Special stockings designed to prevent dangerous blood clots among stroke patients are no better than routine care, according to a study published on May 27 by The Lancet. Millions of these thigh-length, graduated stockings are given out each year to stroke victims in the belief the garment curbs the risk of deep vein thrombosis (DVT), a potentially life-threatening clot that forms in the leg.
DVT is notorious in so-called economy-class syndrome, in which airline passengers, hunched in cramped seating for long flights, develop the clot because of poor blood circulation in their legs.
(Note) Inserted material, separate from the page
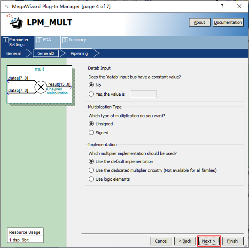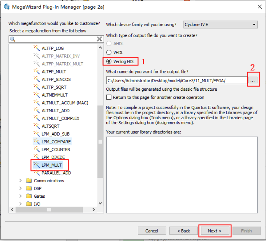 1、建立工程,并新建 MULT.v 文件。打开 Tool→MegawizardPlug-In Manager。 2、直接点第一个新建 MULT,点击 Next。 3、在左侧的栏里 Arithmetic 文件夹下找到并选中 LPM_MULT,在框 1 处选择 Verilog HDL,再点击框 2 中按钮选择文件存放目录,然后点击图中 Next。 4、框 1 处选择乘法器输入数据的宽度,此处以 8 位宽度为例,然后点击 Next。 5、接下来几页保持默认设置直接点击 Next,最后点击 Finish 即可。 6、接着把代码写进工程,分配引脚(使用接到排针的引脚,避免跟其他芯片引脚信号 冲突烧坏芯片),编译即可。 7、 打开逻辑分析仪将输出信号加入波形列表观察波形信号是否正确。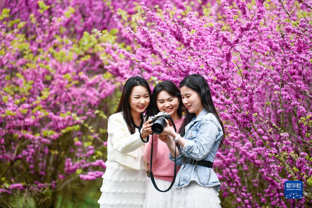 4月7日,游人在贵州省岑巩县天马镇玉门洞景区的紫荆花园赏花拍照。

But the condition can occur in any position where an individual is sedentary for long periods, and is particularly a risk for hospitalised stroke patients. British doctors carried out a study among 2,500 patients who had been admitted to hospitals in Australia, Britain and Italy within a week of a stroke and were bedridden. Half of the patients received normal care only for hospitalised stroke victims, and the other half received normal care plus the compression stockings. The patients were twice checked for clots by ultrasound scanner. In the stockings group, 10.0 percent suffered a DVT, while in the normal-care group the figure was 10.5 percent, a difference that was statistically insignificant. In addition, five times as many patients wearing the stockings suffered skin breaks, blisters and skin ulcers as their counterparts.
"Abandoning this ineffective and sometimes uncomfortable treatment will free up significant health resources - both funding and nurse time - which might be better used to help stroke patients," said lead researcher Martin Dennis of the University of Edinburgh.